Progress report for Zurich-Partner terminated as of 17/01/2018

Progress report for Zurich-Partner terminated as of 17/01/2018

Paul-Olivier Dehaye

Reporting period from March 2017 to January 2018

Finance and administration

Since Dehaye/Zurich effectively left at M23, there is little sense in discussing the state of deliverables here. It is clear however that many changes were enacted following the first review at M18, and that Dehaye was involved through WP1 in the preparation of those. Specifically in WP6 , some titles of the deliverables were modified to respect the change in priority on system interoperability and distributed computing in the “Math-in-the-Middle” Paradigm over algorithm verification: D6.5: “GAP/SAGE/LMFDB Interface Theories and Alignment in OMDoc/MMT for System Interoperability”, D6.7: “GAP/SAGE Interface Views OMDoc/MMT”, and D6.8: “Curated Math-in-the-Middle Ontology and Alignments for GAP/ SAGE/ LMFDB”


T6.1: “Survey of existing DKS bases, Formulation of requirements”. This task was directly addressed in the WP6 workshops in the first year.
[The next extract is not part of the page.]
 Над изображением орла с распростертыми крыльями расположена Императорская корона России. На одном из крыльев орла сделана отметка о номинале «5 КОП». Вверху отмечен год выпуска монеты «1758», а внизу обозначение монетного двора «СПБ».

T6.2: “Triform Theories in OMDoc/MMT”. For this task we have specified and implemented the concept of virtual theories that can contain large – theoretically even infinite – numbers of declarations and objects (e.g. 3.5M declarations in the LMFDB data base for elliptic functions) in OMDoc/MMT. Virtual theories are characterized by the fact that they are too large to keep in main memory of the MMT System and have to be partially and lazily imported from an external data store. We have reported on the results in D6.2: “Initial DKS base Design (including base survey and Requirements Workshop Report)”.

T6.3: “DKS Base Design”. This task was directly addressed in the WP6 workshops in the first year and has led to the design and implementation in D6.2. The design has been published at an international conference (CICM 2016) and has now been implemented.
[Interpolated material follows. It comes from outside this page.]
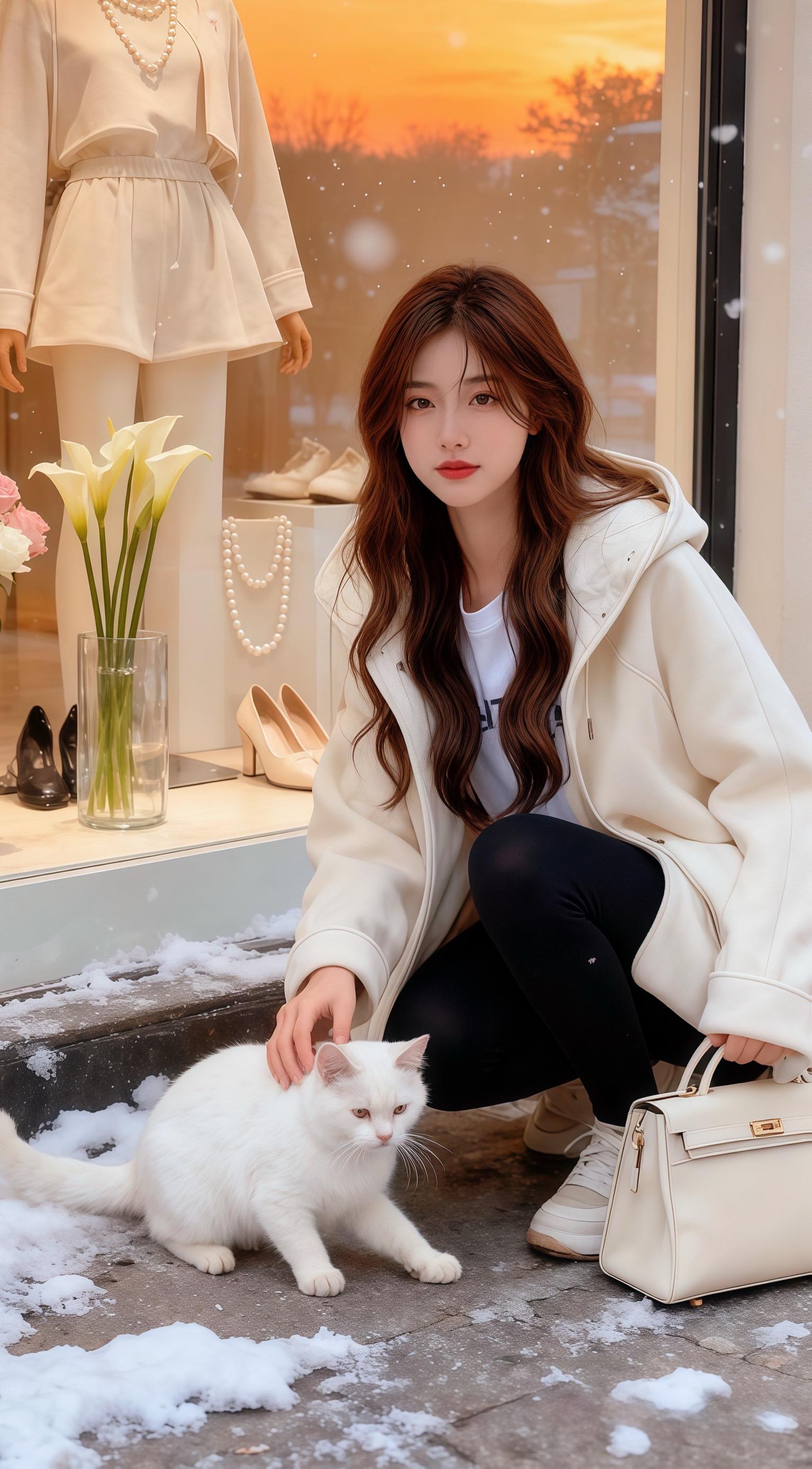 她蹲下身揉着小白猫的脑袋,米白手袋与雪地相映,“奶系穿搭”的温柔感快要溢出屏幕。转瞬间,她撑着透明伞接住雪花,帽檐下的笑眼弯弯,把冬日的清冷都捂成了甜。

T6.4: “Computational Foundation for Python/Sage”. In the course of the deliberations in the WP6 workshops we saw a shift from the development of computational foundations and verification towards API/Interface function specifications to enable semantic system interoperability via the Math-in-the-Middle Ontology. Consequently, emphasis has changed to the generation of API Content Dictionaries (API CDs) for GAP, LMFDB and SAGE. We have a prototypical set of GAP and SAGE Content Dictionaries in OMDoc/MMT form (GAP: 218 CDs, 2996 entries; SAGE: 512 CDs, 2800 entries overall). The computational foundations exist but are rather more simple than originally anticipated. Much of the functionality has been offloaded to the SCSCP standard – remote procedure call with OpenMath representations of the mathematical objects – developed in the SCIENCE Project. As a direct consequence of the work in OpenDreamKit the OpenMath Society has promoted the SCSCP protocol into as an OpenMath Standard. 676541 OpenDreamKit 5

Conversely, the GAP and SAGE CDs are rather more elaborated than anticipated in the proposal, and thus form a viable basis for alignment with the MitM Ontology.
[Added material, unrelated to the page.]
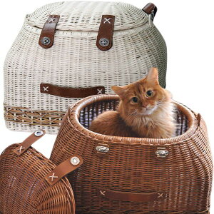 ラタンキャリー 籐 かご ボストン型 ハンドメイド ペットキャリ

T6.5: “Knowledge-based code infrastructure”. This task is ongoing, and the MitM architecture developed in WP6 has given important impulses to make the code infrastructure of SAGE and GAP more declarative (knowledge-based). In SAGE, the category infrastructure was validated (it seems to be the right level of abstraction to generate API CDs) and extended; further annotations were added into the SAGE code base and accepted by the community. In GAP, the facilities for “constructors” was reformed, extended by an infrastructure for documentation and static typing/type analysis, and the code base refactored for 6000 constructors. Similarly, the online documentation subsystem for GAP has been regularized and synchronized with the constructor level. Already at this early stage of the task the new “knowledge-based perspective” has revealed a plethora of errors and inefficiencies and has contributed to the code quality in both systems.

T6.7: “FindStat Case Study (Triformal Theories)”. Due to various reorganisations of the work, it made sense to start with LMFDB and OEIS as example cases. This task had thus only seen informal work until M23.

T6.8: “LMFDB Case Study (Triformal Theories)”. Given the concept of virtual theories developed in T6.2 the task is to build a database connector that converts the MongoDB tables in LMFDB into “mathematical objects”. We have identified the problems – e.g. that objects are reduced to ad-hoc database records: for instance elliptic curves are represented as a quadruple of integers, where the last is represented as a string of digits as the range of MongoDB integers is too small. We have developed an architecture of language-specific Codecs which mitigate these problems in a knowledge-centered way (Codecs are OMDoc/MMT objects) that interpret database records as OMDoc/MMT objects and can thus be used populate virtual theories. As of M23, the next step was to extend the existing MMT query language by a query compiler into the underlying data store system; concretely to MongoDB underlying LMFDB for T6.8.